Word for word, print each line of the listing below; pictures stay out.

| SOURCE DATA |
==========
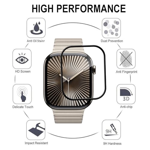 - التوافق: شاشة حماية متوافقة بقص دقيق يوفر تغطية ممتازة للزوايا والحواف الكاملة لساعة آبل سيريز 10 42 ملم. تحافظ على دقة وظيفة اللمس والانزلاق لاستخدام ساعتك بفعالية.
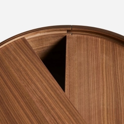 ARC -sohvapöytä leikittelee geometrisilla muodoilla: ympyrällä ja sen sektoreilla. Kääntyvä pöydän kansi kätkee sisäänsä kätevää säilytystilaa, joka joko piilottaa ei-toivotun tavaran, tai antaa mahdollisuuden sommitella esineitä kiinnostavasti kahteen tasoon.
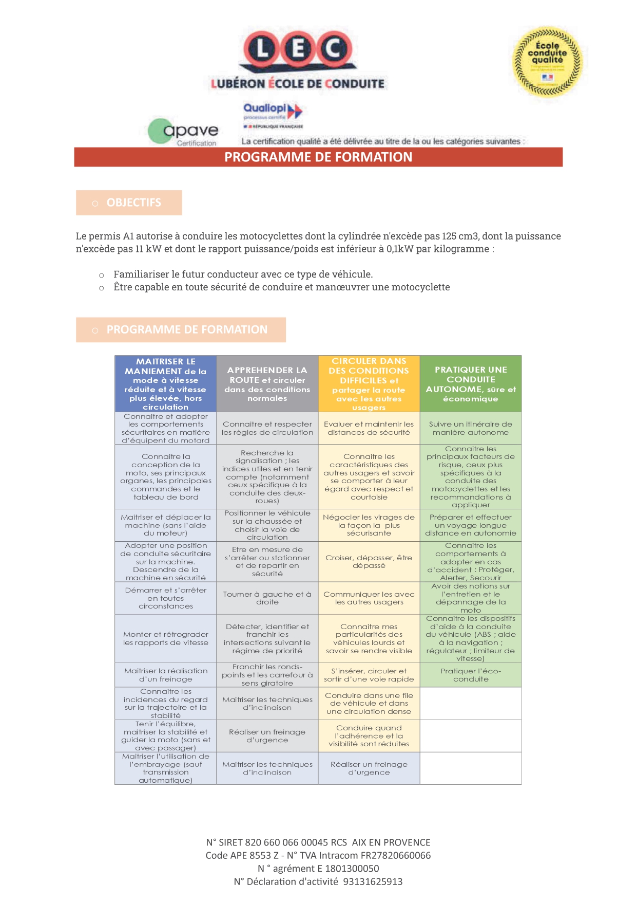 LEC Lubéron École de conduite vous présente son nouveau Planning de formation A2/A1 pour l’année 2024.
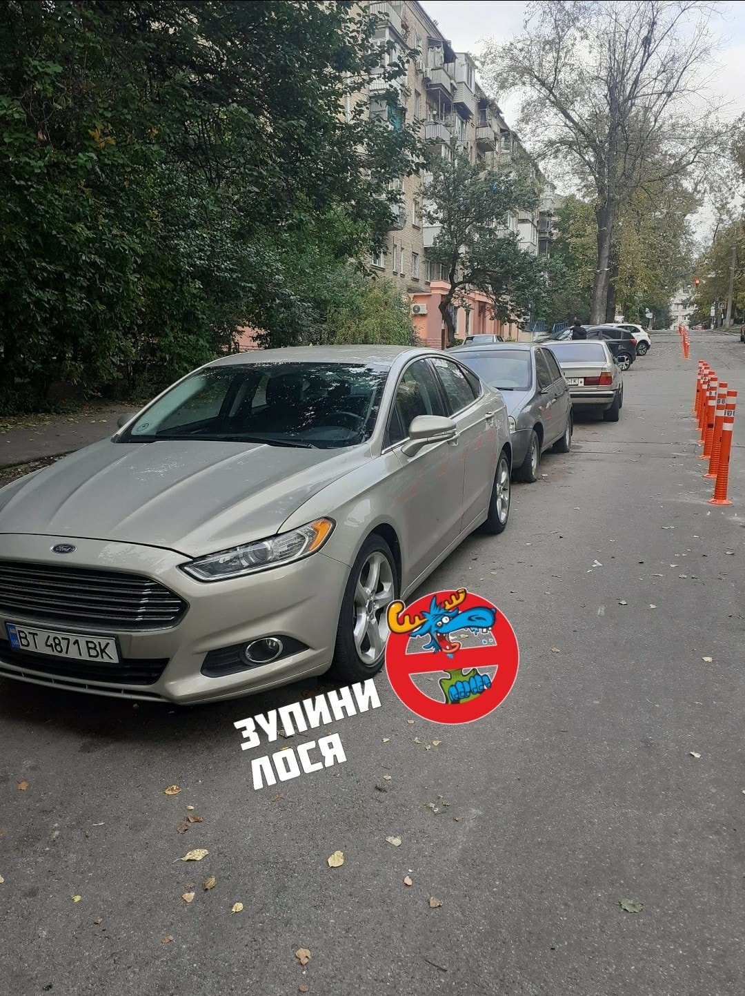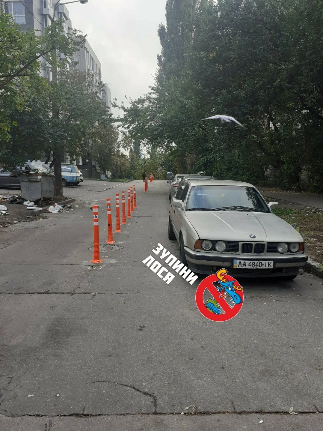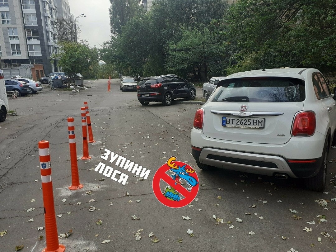 "У Києві на вул. Лейпцизька встановили делінеатори! Лосі:" А де ж ми паркуватися-то будемо! Ми на своїх 7 аршинах стояли і стояти будемо", - з сарказмом підписав знімки автор публікації.
==========
| WRITTEN SOLUTION |
 - التوافق: شاشة حماية متوافقة بقص دقيق يوفر تغطية ممتازة للزوايا والحواف الكاملة لساعة آبل سيريز 10 42 ملم. تحافظ على دقة وظيفة اللمس والانزلاق لاستخدام ساعتك بفعالية.
 ARC -sohvapöytä leikittelee geometrisilla muodoilla: ympyrällä ja sen sektoreilla. Kääntyvä pöydän kansi kätkee sisäänsä kätevää säilytystilaa, joka joko piilottaa ei-toivotun tavaran, tai antaa mahdollisuuden sommitella esineitä kiinnostavasti kahteen tasoon.
 LEC Lubéron École de conduite vous présente son nouveau Planning de formation A2/A1 pour l’année 2024.
 "У Києві на вул. Лейпцизька встановили делінеатори! Лосі:" А де ж ми паркуватися-то будемо! Ми на своїх 7 аршинах стояли і стояти будемо", - з сарказмом підписав знімки автор публікації.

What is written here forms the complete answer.